## About this task
Practice item. Set the material below down again exactly, with no pictures.

Input data Start Marker

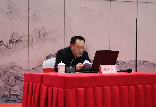 圖為城控集團(tuán)黨委委員、副總經(jīng)理江泉作資產(chǎn)經(jīng)營(yíng)的理論與實(shí)踐專(zhuān)題講課
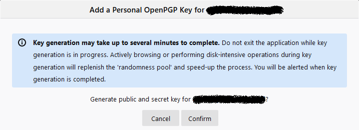 12. Klik Confirm og vent et øjeblik mens dine krypteringsnøgler bliver genereret.
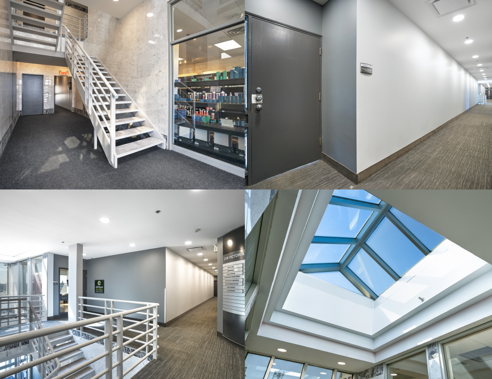 Espace commercial polyvalent de 1 385 pi² situé au 2e étage d’un immeuble moderne, bénéficiant d’une fenestration abondante qui offre une ambiance lumineuse et accueillante.

Input data End Marker

## Finished task
 圖為城控集團(tuán)黨委委員、副總經(jīng)理江泉作資產(chǎn)經(jīng)營(yíng)的理論與實(shí)踐專(zhuān)題講課
 12. Klik Confirm og vent et øjeblik mens dine krypteringsnøgler bliver genereret.
 Espace commercial polyvalent de 1 385 pi² situé au 2e étage d’un immeuble moderne, bénéficiant d’une fenestration abondante qui offre une ambiance lumineuse et accueillante.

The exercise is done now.